Earlier data showed weak economic conditions in Europe and Asia, too. Unemployment in the 17 countries that use the euro currency stayed at a record-high 11 per cent in April, and unemployment spiked to almost 25 per cent in Spain.
There were signs that growth in China, which helped sustain the global economy through the recession, is slowing significantly. China's manufacturing sector weakened in May, according to surveys released on Friday.
The Dow closed down 274.88 points, or 2.2 per cent, at 12,118.57. The Dow is off 0.8 per cent for the year; two months ago, it was up more than 8 per cent for the year.
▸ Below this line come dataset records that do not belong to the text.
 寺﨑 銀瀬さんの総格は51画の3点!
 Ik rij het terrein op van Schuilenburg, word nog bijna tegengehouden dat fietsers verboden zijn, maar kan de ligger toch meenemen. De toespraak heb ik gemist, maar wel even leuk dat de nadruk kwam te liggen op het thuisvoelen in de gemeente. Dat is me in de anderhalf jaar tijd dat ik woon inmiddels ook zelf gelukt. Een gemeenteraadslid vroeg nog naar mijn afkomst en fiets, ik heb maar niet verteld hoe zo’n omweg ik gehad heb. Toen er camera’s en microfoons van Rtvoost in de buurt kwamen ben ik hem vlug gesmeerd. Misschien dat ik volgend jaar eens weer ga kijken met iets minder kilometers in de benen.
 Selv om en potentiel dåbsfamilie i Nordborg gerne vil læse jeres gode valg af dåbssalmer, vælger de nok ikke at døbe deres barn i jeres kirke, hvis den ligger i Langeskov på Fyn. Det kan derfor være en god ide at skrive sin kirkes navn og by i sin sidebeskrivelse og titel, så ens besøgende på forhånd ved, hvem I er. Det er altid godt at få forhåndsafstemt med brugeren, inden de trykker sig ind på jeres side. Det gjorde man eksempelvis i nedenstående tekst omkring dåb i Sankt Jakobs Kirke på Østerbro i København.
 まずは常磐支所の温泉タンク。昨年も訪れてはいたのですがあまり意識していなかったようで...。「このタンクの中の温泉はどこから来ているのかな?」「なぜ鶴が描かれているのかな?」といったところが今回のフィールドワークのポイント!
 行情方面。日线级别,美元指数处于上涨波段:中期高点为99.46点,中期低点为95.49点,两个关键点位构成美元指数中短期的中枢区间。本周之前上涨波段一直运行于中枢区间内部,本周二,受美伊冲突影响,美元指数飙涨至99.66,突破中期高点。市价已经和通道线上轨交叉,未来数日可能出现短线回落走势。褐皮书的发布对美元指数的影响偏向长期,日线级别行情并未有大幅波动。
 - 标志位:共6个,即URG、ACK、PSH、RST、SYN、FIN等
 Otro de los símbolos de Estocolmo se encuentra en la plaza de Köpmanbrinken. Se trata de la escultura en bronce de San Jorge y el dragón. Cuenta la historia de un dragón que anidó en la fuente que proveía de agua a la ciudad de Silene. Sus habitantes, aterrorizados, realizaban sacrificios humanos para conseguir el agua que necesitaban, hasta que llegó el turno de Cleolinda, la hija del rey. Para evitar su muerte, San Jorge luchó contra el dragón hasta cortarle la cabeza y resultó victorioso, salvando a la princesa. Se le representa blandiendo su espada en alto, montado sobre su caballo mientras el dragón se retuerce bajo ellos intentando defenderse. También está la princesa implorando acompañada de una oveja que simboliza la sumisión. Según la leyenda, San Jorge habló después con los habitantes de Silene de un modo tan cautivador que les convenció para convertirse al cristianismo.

The Standard & Poor's 500 index fell 32.29 points, or 2.5 per cent, to 1,278.04. The Nasdaq dropped 79.86, or 2.8 per cent, to 2,747.48. Both indexes are still up for the year - 1.6 per cent for the S&P 500 and 5.5 per cent for the Nasdaq.
The yield on the benchmark 10-year US Treasury note briefly fell to 1.44 per cent, the lowest on record. It ended the day at 1.46 per cent. Gold for August delivery climbed $57.90, nearly 4 per cent, to $1,622.10 per ounce.
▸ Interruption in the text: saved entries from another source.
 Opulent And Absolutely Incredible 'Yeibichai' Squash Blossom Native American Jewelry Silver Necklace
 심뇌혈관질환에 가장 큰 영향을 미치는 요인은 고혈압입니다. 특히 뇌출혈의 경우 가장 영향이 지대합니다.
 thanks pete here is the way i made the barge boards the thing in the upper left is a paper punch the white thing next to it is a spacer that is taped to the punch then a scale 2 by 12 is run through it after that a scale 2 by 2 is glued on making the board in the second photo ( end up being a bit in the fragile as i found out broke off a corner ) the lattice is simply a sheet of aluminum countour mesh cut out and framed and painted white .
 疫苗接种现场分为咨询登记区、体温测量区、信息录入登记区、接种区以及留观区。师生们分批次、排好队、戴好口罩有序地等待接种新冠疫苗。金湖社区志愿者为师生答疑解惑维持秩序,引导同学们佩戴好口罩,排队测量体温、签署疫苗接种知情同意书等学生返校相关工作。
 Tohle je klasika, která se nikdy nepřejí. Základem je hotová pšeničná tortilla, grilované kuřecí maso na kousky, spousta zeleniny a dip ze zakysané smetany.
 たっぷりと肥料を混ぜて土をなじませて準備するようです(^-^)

"Everybody's looking for a safe haven," said Adam Patti, CEO of IndexIQ, an asset management firm. He's skeptical of that strategy, believing the swing was driven by short-term traders "looking to flip in and out of things," rather than long-term investors willing to ride out a few bumps in the market.
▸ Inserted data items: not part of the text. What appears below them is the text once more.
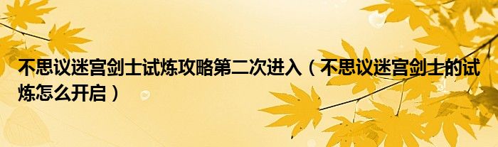 大家好,小育來為大家講解下。不思議迷宮劍士試煉攻略第二次進入,不思議迷宮劍士的試煉怎么開啟很多人還不知道,現(xiàn)在讓我們一起來看看吧!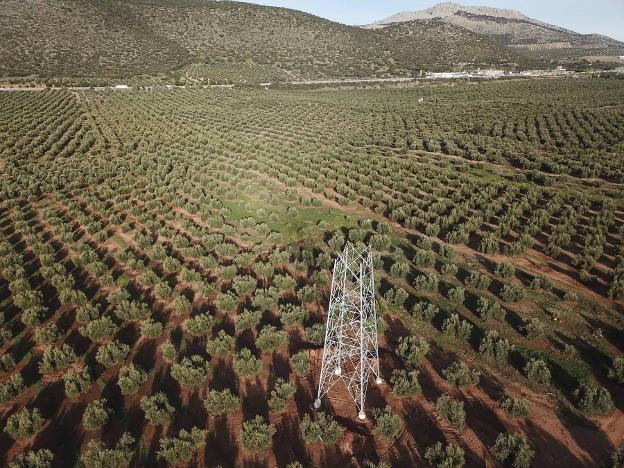 La imagen de una torre eléctrica en una finca del norte de la provincia demuestra que las obras de la línea de 400 kv entre ... Caparacena y Baza continúan pese a las advertencias de la Junta de Andalucía, que inició un expediente sancionador contra Red Eléctrica Española a finales de noviembre, por empezar estos trabajos sin contar con la autorización medioambiental autonómica.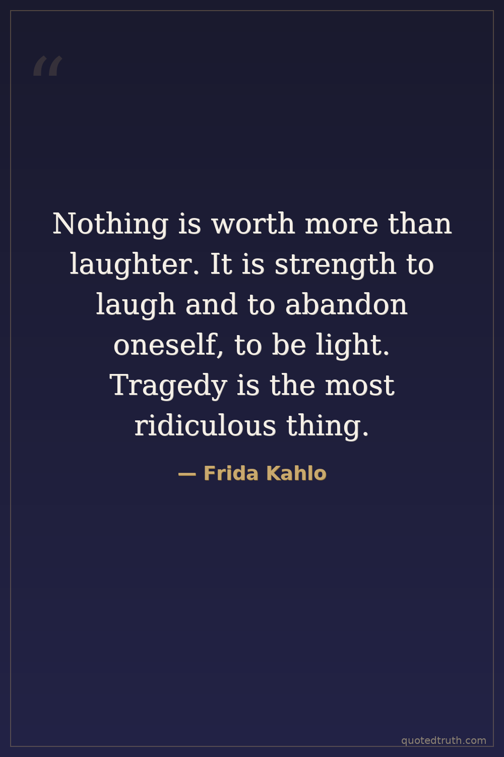 Nothing is worth more than laughter. It is strength to laugh and to abandon oneself, to be light. Tragedy is the most ridiculous thing.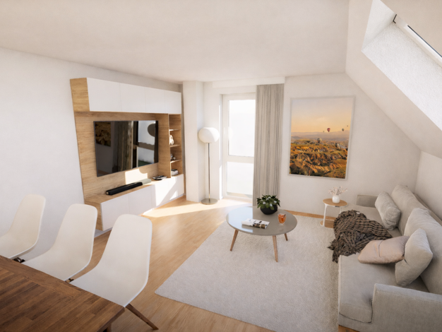 Zur Wohnung zählen 3 attraktive Zimmer. Vom Wohnzimmer aus gelangen Sie auf die großzügige Dachterrasse. Sie wählen Ihre Bodenbeläge selbst aus, ob Fertigparkett oder Fliesenboden. Küche/Essen und Wo...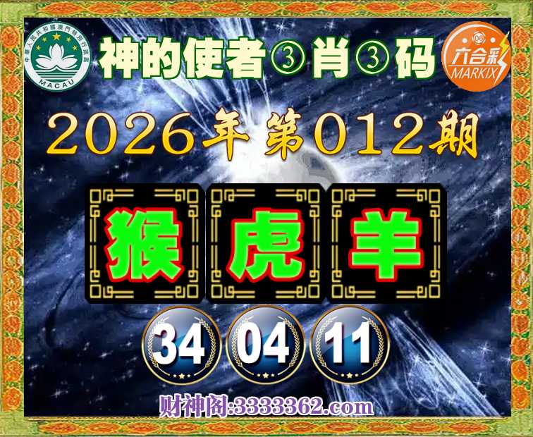 012期:《神的使者》 🏅③肖③码🏅【猴虎】【34.04.11】开:羊11

May was the worst month for the stock market in two years by some measures. Investors' worries about Europe's debt crisis intensified as the month wore on. Greece's political future is uncertain, and it appears increasingly likely to stop using the euro currency. That could rattle financial markets and make Greece's economy - already hobbled - even weaker.
Friday's jobs report drew traders' attention back to the weakening US economy, said Todd Salamone, director of research for Schaeffer's Investment Research in Cincinnati.
"The weaker jobs report translates into anticipation of slower growth ahead and weaker corporate earnings, and that ratchets stock prices lower," Salamone said.
The record-low yield on the 10-year Treasury note reflected rapid buying by traders with the biggest portfolios, including central banks, endowments and pension funds, said Ira Jersey, US interest rate strategist at Credit Suisse. He said money managers were selling investments priced in euros and stashing their money in US securities.
Several analysts raised the possibility that the weakening economy will prompt more action by governments and central banks seeking to juice global economic activity. Anticipation of some policy response prevented even deeper losses, Stovall said.
The Federal Reserve undertook programs in 2009 and 2010 to buy US government bonds. Its goal was to lower interest rates and encourage people to buy riskier investments like stocks. At least in public, the central bank so far has resisted a third round of purchases, known as quantitative easing.
Anticipation of bond-buying by the Fed "might put in a little bit of a floor to the market, but the overall economic picture is still bad," said Bob Gelfond, CEO of MQS Asset Management, a New York hedge fund.
The dollar fell and gold rose partly because traders expect more intervention by the Federal Reserve, Gelfond said.
The euro rose half a penny against the dollar to above $1.24. A day earlier, fears about Europe's finances had pushed the euro to a nearly two-year low against the dollar.
Only 17 of the 500 companies in the S&P index were higher for the day.
Homebuilder stocks fell the most, despite a report that construction spending rose for a second month in April. PulteGroup fell 11.8 per cent, D.R. Horton 8.4 per cent and Lennar 8.3 per cent.
Boeing, the biggest US exporter, fell 3.4 per cent, one of the steepest declines among the 30 companies that make up the Dow. Traders fear that the economic slowdown will hurt global demand for its airplanes and defence technologies.
A slower global economy would reduce demand for energy. The price of a barrel of oil fell $3.49 to $83.04, extending a monthlong slide. The price of oil is at a 16-month low.
Stocks closed way down in Europe. Greece's benchmark stock index fell 4.4 per cent, Germany's 3.4 per cent and France's 2.2 per cent.